In April 1939, Mawdudi told his followers,
In reality, Islam is a revolutionary ideology which seeks to alter the social order of the whole world and rebuild it in conformity with its own tenets and ideals… Islam requires the earth – not just a portion, but the whole planet.
Like a low-rent supervillain, Qaradawi has echoed Mawdudi’s sentiments and declared the revolutionary destiny of Islam to conquer first Europe and America, then eventually the world:
The patch of the Muslim state will expand to cover the whole Earth and that the strength of this state will grow and become obvious to all. This also denotes good news for the long-cherished hope of revival of Muslim unity and rebirth of [the] Islamic Caliphate.
A Caliphate under which the individual must conform to intimate and exhaustive proscriptions of what is forbidden by Allah – proscriptions listed in ludicrous detail on Qaradawi’s own website. To describe Qaradawi, and Islamists generally, as “right-wing” stretches that favoured pejorative to an absurd and perverse degree. Unless, of course, sacralised bigotry, dreams of world domination and absolute state control are now considered proprietary markers of anyone who isn’t sufficiently leftwing.
Help fund my glorious revolution. Trust me, you’ll love the results.
“Unless, of course, sacralised bigotry, dreams of world domination and absolute state control are now considered proprietary markers of anyone who isn’t sufficiently leftwing.”
‘Now’? Haven’t they always been…?
“Is this bearded little sadist also in favour of free markets, a small state, low taxation and individual freedom?”
Probably not. But then a lot of conservatives aren’t either.
Qaradawi is certainly no libertarian, but he’s definitely a traditionalist and that’s a position that’s generally been ascribed to the right of the political spectrum.

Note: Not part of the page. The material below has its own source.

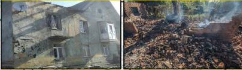
Результаты обстрелов н.п. Горлоака в августе 2016 года

Islamists are “right-wing” because liberals are incapable of admitting the truth: that just about all the most monstrous political movements of the past century were left-wing. Liberals have to lie, so they have adopted the tactic of calling Islamists “right-wing” — as a propaganda tool which simultaneously makes Muslim barbarians seem all moderate and respectable, and which can be used to equate Muslim terrorism with Republicans at home.
Matt,
“Qaradawi is certainly no libertarian, but he’s definitely a traditionalist and that’s a position that’s generally been ascribed to the right of the political spectrum.”

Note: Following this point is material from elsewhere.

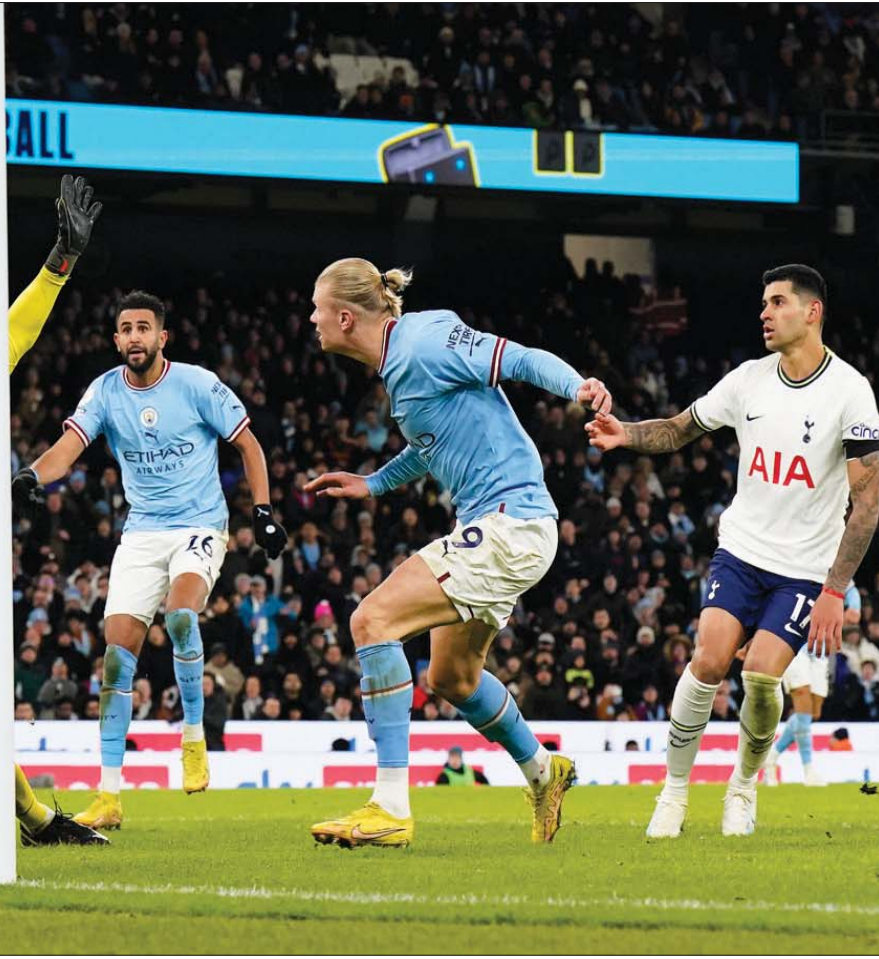
هالاند يسجل برأسه في مرمى توتنهام بعد 3 مباريات صام فيها عن التهديف

Like many of his peers, Qaradawi is a revolutionary totalitarian collectivist – which is surely a more significant feature with regard to his political outlook – and which places him more comfortably on the left. But, yes, the old left/right labels aren’t exactly adequate in terms of Islamist politics and how one might deal with it. Mary Jackson and Hugh Fitzgerald have noted how readily critics of Islam, from Caroline Fourest to Ayaan Hirsi Ali, are denounced as “rightwing”, very often on the basis that they, er, criticise Islam:
http://www.newenglishreview.org/blog_direct_link.cfm/blog_id/14134
http://www.newenglishreview.org/blog_direct_link.cfm/blog_id/13102
In many cases, the stereotypical left/right positions have actually been reversed. When I see people defending, say, individual freedom and the rights of women and gay people, at least those with brown skin, they’re now most often conservatives or people hostile to the left. And when I encounter overt and self-righteous racism, it’s now very often among lefties, academic lefties in particular.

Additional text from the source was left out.